The uutils version of od does not support the fL output format specifier. It means "format the output as a floating point number, using sizeof(long double) bytes to interpret each number in the input". For more information, see: https://www.gnu.org/software/coreutils/manual/html_node/od-invocation.html

GNU od:

$ : | od -tfL
0000000

uutils od:

$ : | ./target/debug/od -tfL
./target/debug/od: unexpected char 'L' in format specification 'fL'

Here's the relevant part of the code: https://github.com/uutils/coreutils/blob/b14e396983c70f816e88e0c8279f91cade809af4/src/uu/od/src/parse_formats.rs#L233

jfinkels avatar Feb 08 '22 02:02 jfinkels

Is there a reason this hasn't been touched in a while? Does the difficulty lie in supporting 128 bit floats, which are not in the Rust standard library? Would we have to use an external crate to support them?

fritzrehde avatar Sep 04 '23 14:09 fritzrehde

I suspect that's indeed the reason. We already have an external library for f16 (half), so another one for f128 makes sense to me. An RFC for both types is being worked on, but might take a while to land.

tertsdiepraam avatar Sep 04 '23 15:09 tertsdiepraam

See here for the RFC: https://github.com/rust-lang/rfcs/pull/3453.

It mentions the f128 crate which seems to be GCC only if I understand correctly? Maybe this just needs to be delayed until that RFC comes through then...

tertsdiepraam avatar Sep 04 '23 15:09 tertsdiepraam

I looked around a little as well, and many promising crates like rug are just wrappers around some GNU libraries. I'm not sure if using such crates go against the philosophy of this project, since they're not pure-rust. Furthermore, I read that installing rug on windows is not straightforward, and I'm guessing this project supports windows. I would also agree that waiting for official Rust std lib support sounds like the best option for now.

fritzrehde avatar Sep 04 '23 15:09 fritzrehde

od -t fL uses whatever long double is on a given platform, that is 80-bit on x86(-64).

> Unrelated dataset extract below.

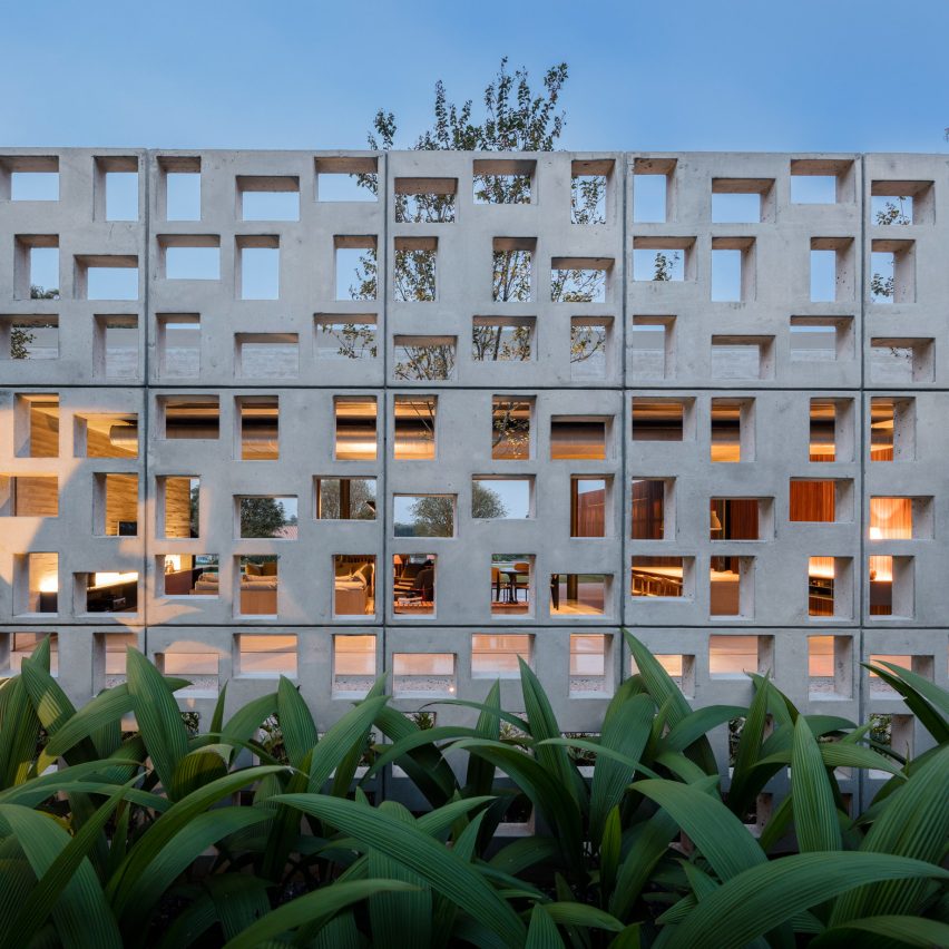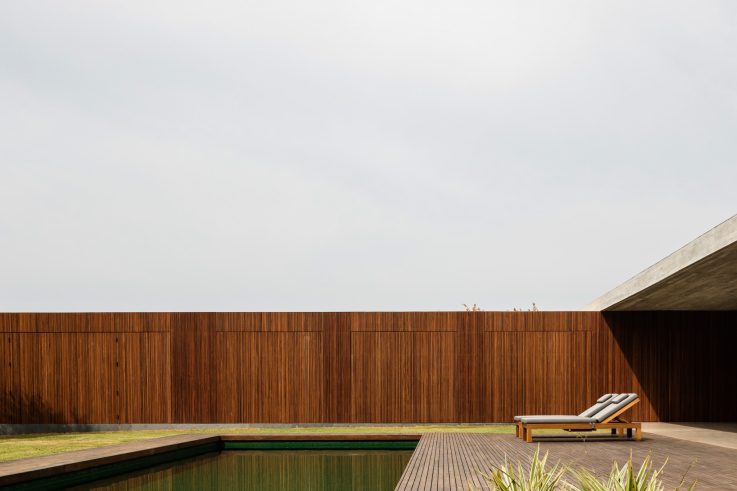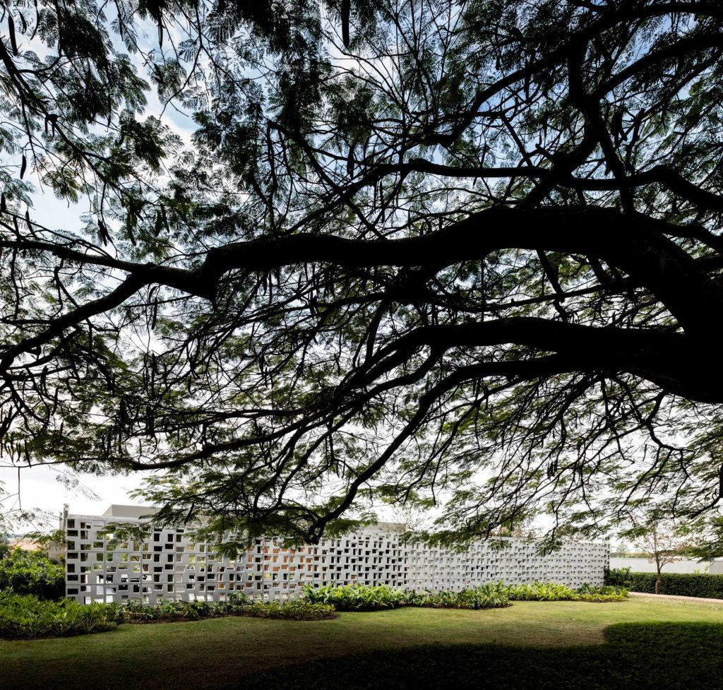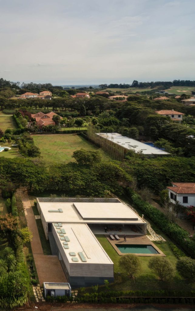 The Pasqua House, located in Fazenda da Boa Vista, Porto Feliz, exemplifies a thoughtful integration of architecture with its natural surroundings. The design, characterized by an “L” shaped layout, merges seamlessly with the landscape, creating a fluid connection between indoor and outdoor spaces. The house is composed of two main volumes, with the social and private areas distinctly separated yet connected through an open-plan kitchen. The use of concrete, stone, and wood as primary materials not only enhances the visual appeal but also contributes to the home’s environmental comfort. Notably, a 27-meter-long hollow brick wall made of precast concrete panels, painted white, serves as the projectโs signature element, offering privacy while allowing natural light to create dynamic patterns throughout the day.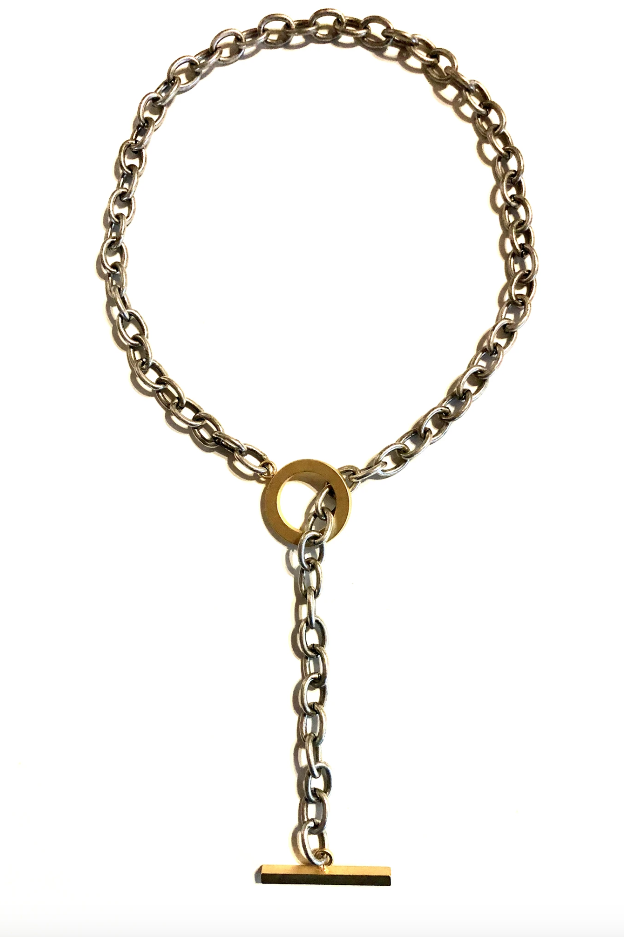 Toggle necklace with mixed metals is an easy statement necklace. Can be worn multiple ways (Necklace or a wrap bracelet).

Taking some of the examples from Wikipedia:

$ printf $(printf "0000 0000 0000 0000 0001" | tr -d ' ' | sed -e 's/\(..\)/\\x\1\n/g' | tac | tr -d '\n') | od -t fL
0000000                       4e-4951
0000012
$ printf $(printf "4000 8000 0000 0000 0000" | tr -d ' ' | sed -e 's/\(..\)/\\x\1\n/g' | tac | tr -d '\n') | od -t fL
0000000                             2
0000012
$ printf $(printf "3ffd aaaa aaaa aaaa aaab" | tr -d ' ' | sed -e 's/\(..\)/\\x\1\n/g' | tac | tr -d '\n') | od -t fL
0000000        0.33333333333333333334
0000012

Rust support for f128 support would help a bit, as an f80 would hopefully be able to fit exactly in an f128, but we can also use an ExtendedBigDecimal to store the number.


Also note that the top 48 bits of each value are ignored (so the f80s are padded to 128 bits):

printf $(printf "cafe cafe cafe 0000 0000 0000 0000 0001" | tr -d ' ' | sed -e 's/\(..\)/\\x\1\n/g' | tac | tr -d '\n') | od -t fL
0000000                       4e-4951

I'll start implementing a f80 parser to start with (and ExtendedBigDecimal formatter), we can decide later what to do with with non-x86 architectures.